● WORK TO COMPLETE
Transcribe this listing exactly; omit the pictures.

● INFORMATION SHOWN
::::::::::

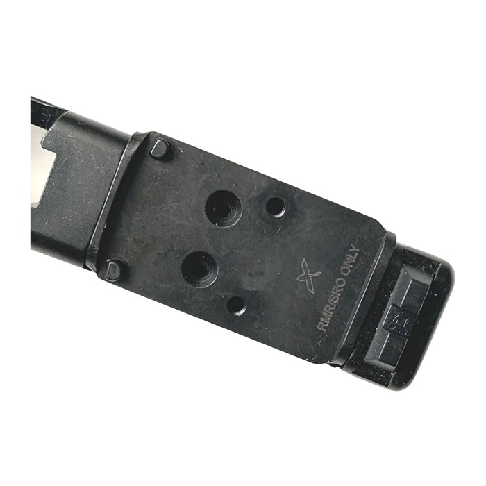OPF-G43x/48, RMRcc (Optics Platform, Forward Controls, G43x/48, RMRcc) is the latest member of the OPF line. G43x and 48 MOS slides are designed for direct mounting of the Shield RMSc sight. Trijicon's RMRcc is longer, and requires an adapter plate which also necessarily raises the mounting surface in order to mount an RMRcc. RMRcc has its own footprint. Gone are the two lug holes in front, these are replaced by two larger diameter threaded posts (bosses) through which the sight to mount/plate screws are installed. The sight to mount/plate screws are also significantly strengthened, though with the OPF-G, RMRcc design that holds the sight immobile on the plate, the larger diameter and stronger screws aren't as important, we always welcome screws that are less likely to strip. With the OPF-G43x/48, RMRcc, we didn't merely raise the mounting surface to provide a platform for the RMRcc. As RMRcc is longer than the G43X/48 MOS cut, the sight overhangs on the slide. When installed, the bottom of RMRcc (with Trijicon provided sealing plate installed) is almost flush with the top of the slide so the sight is as low as possible. We positioned the RMRcc towards the center of the plate as much as feasible, this is done to reduce the amount of unsupported overhang on the RMRcc's sealing plate in front. RMRcc has a rubber gasket around its battery compartment to keep water and moisture at bay, which pushes the sealing plate downward. This isn't an issue if the plate is of the same length as the RMRcc, but with an overhang, it creates a slight gap between the gasket and the sealing plate. OPF-G43x/48, RMRcc's design eliminates the gap/opening between the sight and sealer plate, to the point of emulating a plate that's as long as the sight itself. To wit, if the plate is as long as the RMRcc, it will make the installed height of RMRcc even taller, which is the very reason we chose to let the sight overhang. Torque value: Plate to slide: 12 to15 in·lbs. Sight to plate: 18 in·lbs.. Weight: 0.75oz Material: 1018 steel, black nitrided
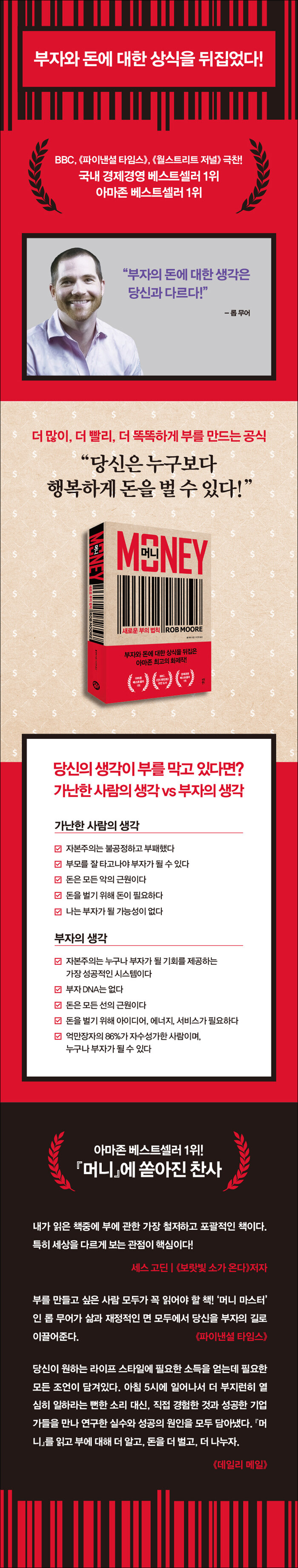 롭 무어는 5만 파운드의 빚더미를 안고 파산 직전에서 3년 만에 백만장자로 거듭나면서 부를 끌어당기는 메커니즘을 직접 경험하고, 억만장자와 성공한 기업가들을 수없이 만나며 그들이 공통적으로 가진 핵심 요소를 연구했다. 그는 『머니』에서 어떤 생각과 태도가 당신이 이룰 수 있는 부를 막고 있는지 파헤치고, 부와 돈에 대한 편견을 뒤집는다. 나아가 부의 정의, 목적, 역사, 흐름, 시스템, 자연적·경제적 법칙을 알고 ‘가장 빨리, 가장 현실적인 시간 안에 부를 증식시키는’ 모든 방법을 공개한다.
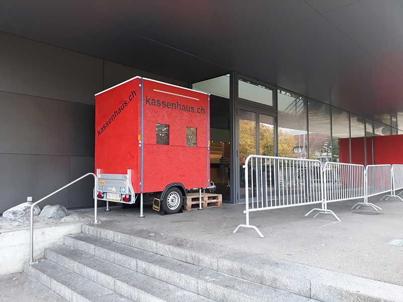Eine Auswahl an Bildern von unserem Kassenhaus – mit einem Klick werden diese in einer vergrösserten Version dargestellt. Weitere Bilder folgen nach und nach. Bitte beachtet, dass die Einsatz-Fotos teilweise in der Zeit aufgenommen wurden, in der das Kassenhaus noch nicht fix auf dem Anhänger aufgebaut war.

::::::::::

● REPLY TO THE EXERCISE
OPF-G43x/48, RMRcc (Optics Platform, Forward Controls, G43x/48, RMRcc) is the latest member of the OPF line. G43x and 48 MOS slides are designed for direct mounting of the Shield RMSc sight. Trijicon's RMRcc is longer, and requires an adapter plate which also necessarily raises the mounting surface in order to mount an RMRcc. RMRcc has its own footprint. Gone are the two lug holes in front, these are replaced by two larger diameter threaded posts (bosses) through which the sight to mount/plate screws are installed. The sight to mount/plate screws are also significantly strengthened, though with the OPF-G, RMRcc design that holds the sight immobile on the plate, the larger diameter and stronger screws aren't as important, we always welcome screws that are less likely to strip. With the OPF-G43x/48, RMRcc, we didn't merely raise the mounting surface to provide a platform for the RMRcc. As RMRcc is longer than the G43X/48 MOS cut, the sight overhangs on the slide. When installed, the bottom of RMRcc (with Trijicon provided sealing plate installed) is almost flush with the top of the slide so the sight is as low as possible. We positioned the RMRcc towards the center of the plate as much as feasible, this is done to reduce the amount of unsupported overhang on the RMRcc's sealing plate in front. RMRcc has a rubber gasket around its battery compartment to keep water and moisture at bay, which pushes the sealing plate downward. This isn't an issue if the plate is of the same length as the RMRcc, but with an overhang, it creates a slight gap between the gasket and the sealing plate. OPF-G43x/48, RMRcc's design eliminates the gap/opening between the sight and sealer plate, to the point of emulating a plate that's as long as the sight itself. To wit, if the plate is as long as the RMRcc, it will make the installed height of RMRcc even taller, which is the very reason we chose to let the sight overhang. Torque value: Plate to slide: 12 to15 in·lbs. Sight to plate: 18 in·lbs.. Weight: 0.75oz Material: 1018 steel, black nitrided
 롭 무어는 5만 파운드의 빚더미를 안고 파산 직전에서 3년 만에 백만장자로 거듭나면서 부를 끌어당기는 메커니즘을 직접 경험하고, 억만장자와 성공한 기업가들을 수없이 만나며 그들이 공통적으로 가진 핵심 요소를 연구했다. 그는 『머니』에서 어떤 생각과 태도가 당신이 이룰 수 있는 부를 막고 있는지 파헤치고, 부와 돈에 대한 편견을 뒤집는다. 나아가 부의 정의, 목적, 역사, 흐름, 시스템, 자연적·경제적 법칙을 알고 ‘가장 빨리, 가장 현실적인 시간 안에 부를 증식시키는’ 모든 방법을 공개한다.
Eine Auswahl an Bildern von unserem Kassenhaus – mit einem Klick werden diese in einer vergrösserten Version dargestellt. Weitere Bilder folgen nach und nach. Bitte beachtet, dass die Einsatz-Fotos teilweise in der Zeit aufgenommen wurden, in der das Kassenhaus noch nicht fix auf dem Anhänger aufgebaut war.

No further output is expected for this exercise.